The question I get asked the most is if I “feel like a parent?”. Usually I just smile and shrug, offering a “kind of” as my reply.
I’m not really sure what they’re asking. Do I feel qualified to be a parent? Absolutely not. I, very admittedly, have no idea what I’m doing and the knowledge of that unknowingness feels like an abyss that I try very hard not to fall into every single day.
Am I adjusting to my new role? I am trying my best. Transition periods are hard and joyful and murky and scary, and this one is no different. I am trying to find my way. I am trying to put together the pieces of my life into something sustainable, something recognizable, something rich and important and worthy of the life we’ve just created.
Are they just asking if I feel connected to my child, if parenthood is everything I thought it would be? If so, the answer is a clear and confident yes.
This comes as somewhat of a surprise to me. I spent the last nine months worried I wasn’t going to feel an instant connection with my baby- that I wouldn’t be one of those parents who would fall in love the second they saw their child. It was a very real fear that I held close and kept hidden from public view. The fear that it would be harder for me to fall in love, that I wasn’t cut out to be a mother, that my baby would be getting the short end of the stick.
It wasn’t completely far-fetched: I’m an anxious person, I don’t do well with change, and to be honest, newborns kind of freak me out.
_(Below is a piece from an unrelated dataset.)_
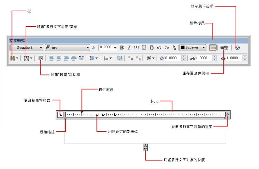 控制“文字格式”工具栏的显示。要恢复工具栏的显示,请在编辑器的文字区域单击鼠标右键,然后单击“编辑器设置”“显示工具栏”。此选项由 MTEXTTOOLBAR 系统变量控制

And even though it’s not talked about all the time, I know there are mothers who experienced everything I’ve just described and then some. That experience is real and completely valid, and I tried to give myself predetermined grace to feel whatever it was I needed to feel on my timeline. I knew I would love my child, but if I didn’t feel a gushing sensation the second he was born, I wanted to let that be okay without adding on additional layers of guilt.
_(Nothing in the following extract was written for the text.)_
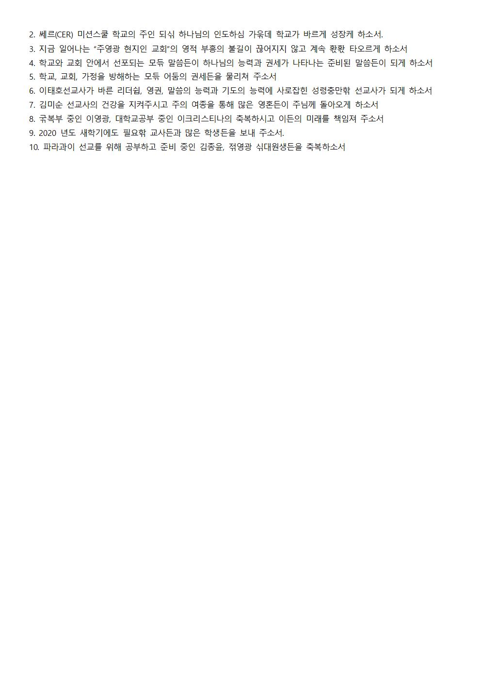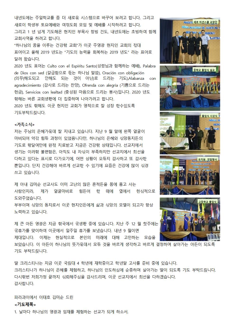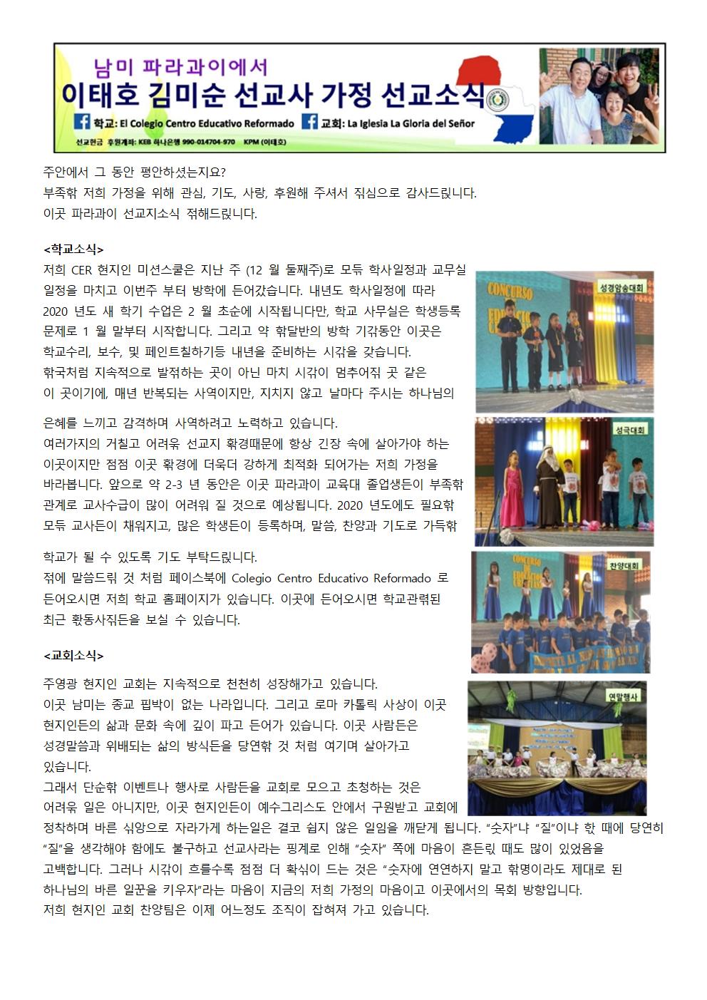 Á־ȿ¡¼ ±× µ¿¾È Æò¾ÈÇϼ̴ÂÁö¿ä? ºÎÁ·핚 ÀúÈñ °¡Á¤À» À§ÇØ °ü½É, ±âµµ, »ç¶û, ÈÄ¿øÇØ Áּż 짂½ÉÀ¸·Î °¨»çµå릱´Ï´Ù. À̰÷ ÆÄ¶ó°úÀÌ ¼±±³Áö¼Ò½Ä 젂ÇØµå릱´Ï´Ù. <Çб³¼Ò½Ä> ÀúÈñ CER ÇöÁöÀÎ ¹Ì¼Ç½ºÄðÀº Áö³ ÁÖ (12 ¿ù µÑ°ÁÖ)·Î ¸ð듞 ÇлçÀÏÁ¤°ú ±³¹«½Ç ÀÏÁ¤À» ¸¶Ä¡°í À̹øÁÖ ºÎÅÍ ¹æÇп¡ µç¾î°¬½À´Ï´Ù. ³»³âµµ ÇлçÀÏÁ¤¿¡ µû¶ó 2020 ³âµµ »õ Çб⠼ö¾÷Àº 2 ¿ù Ãʼø¿¡ ½ÃÀ۵˴ϴٸ¸, Çб³ »ç¹«½ÇÀº Çлýµî·Ï ¹®Á¦·Î 1 ¿ù ¸»ºÎÅÍ ½ÃÀÛÇÕ´Ï´Ù. ±×¸®°í ¾à 핚´Þ¹ÝÀÇ ¹æÇÐ ±â갂µ¿¾È À̰÷Àº Çб³¼ö¸®, º¸¼ö, ¹× ÆäÀÎÆ®Ä¥Çϱâµî ³»³âÀ» ÁغñÇÏ´Â ½Ã갂À» °®½À´Ï´Ù. 핚±¹Ã³·³ Áö¼ÓÀûÀ¸·Î ¹ß젂ÇÏ´Â °÷ÀÌ ¾Æ´Ñ ¸¶Ä¡ ½Ã갂ÀÌ ¸ØÃß¾î짂 °÷ °°Àº ÀÌ °÷À̱⿡, ¸Å³â ¹Ýº¹µÇ´Â »ç¿ªÀÌÁö¸¸, ÁöÄ¡Áö ¾Ê°í ³¯¸¶´Ù Áֽô Çϳª´ÔÀÇ ÀºÇý¸¦ ´À³¢°í °¨°ÝÇÏ¸ç »ç¿ªÇÏ·Á°í ³ë·ÂÇϰí ÀÖ½À´Ï´Ù. ¿©·¯°¡ÁöÀÇ °ÅÄ¥°í ¾î·Á욲 ¼±±³Áö 홖°æ¶§¹®¿¡ Ç×»ó ±äÀå ¼Ó¿¡ »ì¾Æ°¡¾ß ÇÏ´Â À̰÷ÀÌÁö¸¸ Á¡Á¡ À̰÷ 홖°æ¿¡ ´õ¿í´õ °ÇÏ°Ô ÃÖÀûÈ µÇ¾î°¡´Â ÀúÈñ °¡Á¤À» ¹Ù¶óº¾´Ï´Ù. ¾ÕÀ¸·Î ¾à 2-3 ³â µ¿¾ÈÀº À̰÷ ÆÄ¶ó°úÀÌ ±³À°´ë Á¹¾÷»ýµçÀÌ ºÎÁ·핚 °ü°è·Î ±³»ç¼ö±ÞÀÌ ¸¹ÀÌ ¾î·Á¿ö Áú °ÍÀ¸·Î ¿¹»óµË´Ï´Ù. 2020 ³âµµ¿¡µµ ÇÊ¿ä핚 ¸ð듞 ±³»çµçÀÌ Ã¤¿öÁö°í, ¸¹Àº ÇлýµçÀÌ µî·ÏÇϸç, ¸»¾¸, Âù¾ç°ú ±âµµ·Î °¡µæ핚 Çб³°¡ µÉ ¼ö ÀÖµµ·Ï ±âµµ ºÎʵå릱´Ï´Ù. 젂¿¡ ¸»¾¸µå릮 °Í ó·³ ÆäÀ̽ººÏ¿¡ Colegio Centro Educativo Reformado ·Î µç¾î¿À½Ã¸é ÀúÈñ Çб³ ȨÆäÀÌÁö°¡ ÀÖ½À´Ï´Ù. À̰÷¿¡ µç¾î¿À½Ã¸é Çб³°ü렦µÈ ÃÖ±Ù 홗µ¿»ç짂µçÀ» º¸½Ç ¼ö ÀÖ½À´Ï´Ù. <±³È¸¼Ò½Ä> ÁÖ¿µ±¤ ÇöÁöÀÎ ±³È¸´Â Áö¼ÓÀûÀ¸·Î õõÈ÷ ¼ºÀåÇØ°¡°í ÀÖ½À´Ï´Ù. À̰÷ ³²¹Ì´Â Á¾±³ Ç̹ÚÀÌ ¾ø´Â ³ª¶óÀÔ´Ï´Ù. ±×¸®°í ·Î¸¶ Ä«Å縯 »ç»óÀÌ À̰÷ ÇöÁöÀεçÀÇ »î°ú ¹®È ¼Ó¿¡ ±íÀÌ ÆÄ°í µç¾î°¡ ÀÖ½À´Ï´Ù. À̰÷ »ç¶÷µçÀº ¼º°æ¸»¾¸°ú À§¹èµÇ´Â »îÀÇ ¹æ½ÄµçÀ» ´ç¿¬핚 °Í ó·³ ¿©±â¸ç »ì¾Æ°¡°í ÀÖ½À´Ï´Ù. ±×·¡¼ ´Ü¼ø핚 À̺¥Æ®³ª Çà»ç·Î »ç¶÷µçÀ» ±³È¸·Î ¸ðÀ¸°í ÃÊûÇÏ´Â °ÍÀº ¾î·Á욲 ÀÏÀº ¾Æ´ÏÁö¸¸, À̰÷ ÇöÁöÀεçÀÌ ¿¹¼ö±×¸®½ºµµ ¾È¿¡¼ ±¸¿ø¹Þ°í ±³È¸¿¡ Á¤ÂøÇÏ¸ç ¹Ù¸¥ 싞¾ÓÀ¸·Î ÀÚ¶ó°¡°Ô ÇÏ´ÂÀÏÀº °áÄÚ ½±Áö ¾ÊÀº ÀÏÀÓÀ» ±ú´Ý°Ô µË´Ï´Ù. ¡°¼ýÀÚ¡±³Ä ¡°Áú¡±ÀÌ³Ä 핛 ¶§¿¡ ´ç¿¬È÷ ¡°Áú¡±À» »ý°¢ÇØ¾ß ÇÔ¿¡µµ ºÒ±¸ÇÏ°í ¼±±³»ç¶ó´Â Çΰè·Î ÀÎÇØ ¡°¼ýÀÚ¡± ÂÊ¿¡ ¸¶À½ÀÌ Èçµç릯 ¶§µµ ¸¹ÀÌ ÀÖ¾úÀ½À» °í¹éÇÕ´Ï´Ù. ±×·¯³ª ½Ã갂ÀÌ È带¼ö·Ï Á¡Á¡ ´õ È®싞ÀÌ µå´Â °ÍÀº ¡°¼ýÀÚ¿¡ ¿¬¿¬ÇÏÁö ¸»°í 핚¸íÀÌ¶óµµ Á¦´ë·Î µÈ Çϳª´ÔÀÇ ¹Ù¸¥ ÀϲÛÀ» Ű¿ìÀÚ¡±¶ó´Â ¸¶À½ÀÌ Áö±ÝÀÇ ÀúÈñ °¡Á¤ÀÇ ¸¶À½À̰í À̰÷¿¡¼ÀÇ ¸ñȸ ¹æÇâÀÔ´Ï´Ù. ÀúÈñ ÇöÁöÀÎ ±³È¸ Âù¾çÆÀÀº ÀÌÁ¦ ¾î´ÀÁ¤µµ Á¶Á÷ÀÌ ÀâÇôÁ® °¡°í ÀÖ½À´Ï´Ù. ³»³âµµ¿¡´Â ÁÖÀÏÇб³¸¦ Á» ´õ »õ·Î욲 ½Ã½ºÅÛÀ¸·Î ¹Ù²Ù¾î º¸·Á°í ÇÕ´Ï´Ù. ±×¸®°í »õ·ÎÀÌ ÇлýºÎ Åä¿ä¿¹¹è¿Í ¿©젂µµÈ¸ ¸ðÀÓ ¹× ¿¹¹è¸¦ ½ÃÀÛÇÏ·Á°í ÇÕ´Ï´Ù. ±×¸®°í 1 ³â ³Ñ°Ô ±âµµÇؿ ÇöÁöÀÎ ºÎ¸ñ»ç ûºù °Çµµ, ³»³âµµ¿¡´Â ÃʺùÇÏ¿© ÇÔ²² ±³È¸»ç¿ªÀ» ÇÏ·Á°í ÇÕ´Ï´Ù. ¡°Çϳª´ÔÀÇ ²ÞÀ» ÀÌ·ç´Â °Ç°핚 ±³È¸¡±°¡ À̰÷ ÁÖ¿µ±¤ ÇöÁöÀÎ ±³È¸ÀÇ 젃´ë Ç¥¾îÀÌ°í ¿ÃÇØ 2019 ³âµµ´Â ¡°±âµµÀÇ ´É·ÂÀ» ȸº¹ÇÏ´Â 2019 ³âµµ¡± ¶ó´Â Ç¥¾î·Î ´Þ·Á ¿Ô½À´Ï´Ù. 2020 ³âµµ Ç¥¾î´Â Culto con el Espíritu Santo(¼º·É´Ô°ú ÇÔ²²ÇÏ´Â ¿¹¹è), Palabra de Dios con sed (°¥±ÞÇÔÀ¸·Î 듟´Â Çϳª´Ô ¸»¾¸), Oración con obligación (Àǹ«(ÇØµµµÇ°í ¾ÈÇØµµ µÇ´Â °ÍÀÌ ¾Æ´Ñ)·Î µå¸®´Â ±âµµ),Alabanza con agradecimiento (°¨»ç·Î µå¸®´Â Âù¾ç), Ofrenda con alegría (±â»ÝÀ¸·Î µå¸®´Â Çå±Ý), Servicios con lealtad (Ãæ¼ºµÈ ¸¶À½À¸·Î µå¸®´Â ºÀ»ç)ÀÔ´Ï´Ù. 2020 ³âµµ 핚ÇØ´Â ¹Ù¸¥ ±³È¸»ý홗¿¡ ´õ ÁýÁßÇÏ¸ç ³ª¾Æ°¡·Á°í ÇÕ´Ï´Ù. 2020 ³âµµ 핚ÇØµµ À̰÷ ÇöÁöÀÎ ±³È¸°¡ ¿µÀûÀ¸·Î Àß ¼ºÀå 핛¼öÀÖµµ·Ï ±âµµºÎʵå릱´Ï´Ù. <°¡Á·¼Ò½Ä> Àú´Â ÁÖ´ÔÀÇ ÀºÇý°¡욲µ¥ Àß Áö³»°í ÀÖ½À´Ï´Ù. Áö³ 9 ¿ù ¸»¿¡ ¿ÞÂÊ ¾ó±¼ÀÌ ¸¶ºñµÇ¾î ¾à갂 Èû듞 °úÁ¤ÀÌ ÀÖ¾úÀ½´Ï´Ù¸¸, Çϳª´ÔÀÇ ÀºÇý¿Í 싞¾Óµ¿ÁöµçÀÇ ±âµµ·Î 핚´Þ¿©¸¸¿¡ ¿Ï젂 Ä¡·á¹Þ°í Áö±ÝÀº °Ç°핚 »óÅÂÀÔ´Ï´Ù. ¼±±³Áö¿¡¼ »ý±â´Â ÀÌ·¯핚 ºÒÆíÇÔÀº, ¾ÆÁ÷µµ ³» ÀÚ싞ÀÌ ºÎÁ·ÇÏÁö¸¸ ¼±±³Áö¿¡¼ ÃÖ¼±À» ´ÙÇϰí Àִٴ ǥ½Ã·Î ´Ù°¡¿À±â¿¡, ¾î¶² »óȲÀÌ ¿À듞Áö °¨»çÇÏ°í ¶Ç °¨»ç핛 »ÓÀÔ´Ï´Ù. ´ÜÁö °Ç°ÇØ¾ß ¹Ù

But the second I heard his cry, the moment he was placed into my arms, I loved him beyond description. More accurately, it felt like I knew him. Like everything in my being recognized everything in his. Like something inside of me locked into place. Like a missing piece was returned. There you are, I thought to myself. I’ve been waiting for you.
Still, motherhood has not been a breeze. I’m finding that just like any other experience, there are elements of both. It is a profoundly joyous experience, accentuated by moments of exhaustion, despair and frustration, served up with a side of pure, unrelenting fear. I cry almost every single day- from fear, from anxiety, from gratitude, from the overwhelming enormity of it all.
I tend to have unrealistic expectations. I want things to be perfect. I want my vacations to be something out of a story book. I want the holidays to match the spread in Good Housekeeping. I want all the beautiful, perfect, shiny things.
I’m beginning to see that that’s just not possible. Whenever we experience great joy, fear and sadness and anger are also present. They manage to seep into the cracks. They gather on the sidelines, waiting for the moment where they are let into the game. I used to think this was just me, that it was something about the way I processed emotions, but now I think it’s just the way life works. When you feel things strongly, you feel all the things- that's part of the package. We cannot have the good without the bad. There is no “joy only” filter we can apply to our lives.
But luckily, the reverse is also true. In times of heaviness and sorrow, there are elements of joy and grace sprinkled throughout. They too find a way to seep through the cracks. We just have to train our eyes to look for them.
It took me three weeks to write this essay. I’ve written sentences during nap times, paragraphs on my iPhone during snuggle sessions, I’ve edited during pumping. My motivation and creativity feel very far away. My mind is preoccupied, drained, distracted.
And yet, my heart is full. I am tired to the bone, but joy is ever present, encircling me even in the hard moments.
When my baby cries nonstop and I can’t figure out what to do and I worry about him getting sick or feel anxious about things like sleep training or wondering when and how I will ever write again, I focus on the gratitude. When I close my eyes, I can truly feel it flowing through my bloodstream, so glad that this is my life and these are my problems.
There’s a Celtic saying that goes “heaven and earth are only three feet apart, but in the thin places that distance is even smaller.” Thin places can be actual locations where one feels close to God- the Sedona vortexes, the ocean, the Grand Canyon- but they can also be emotional experiences- weddings, funerals, the holiday season.
Pregnancy and motherhood? It’s the ultimate thin place. Everywhere I look I am surrounded by God’s presence. I have never felt more exhausted, more uncertain, or more alive in my entire life. Joy flows through it all, even in moments where I’m in over my head or I’m tired to the bone. I am in the thin place- I literally feel the divine with every breath.
I am in awe of my community, of the amount of love and support that we’ve received from friends and family, coworkers, and strangers. We’re being served in the best possible way, and it helps to know that we are not in this alone. I see God in the chicken casserole, the hand-knitted blanket, the way my grandmother looks when she holds her great-grandson for the first time.
Love isn’t something you can always see with your eyes, but here in the thin place, it is felt in every moment. It has a thick, visceral presence. It is warming. It is soft to the touch. It is the sound of God whispering, “I’m here.”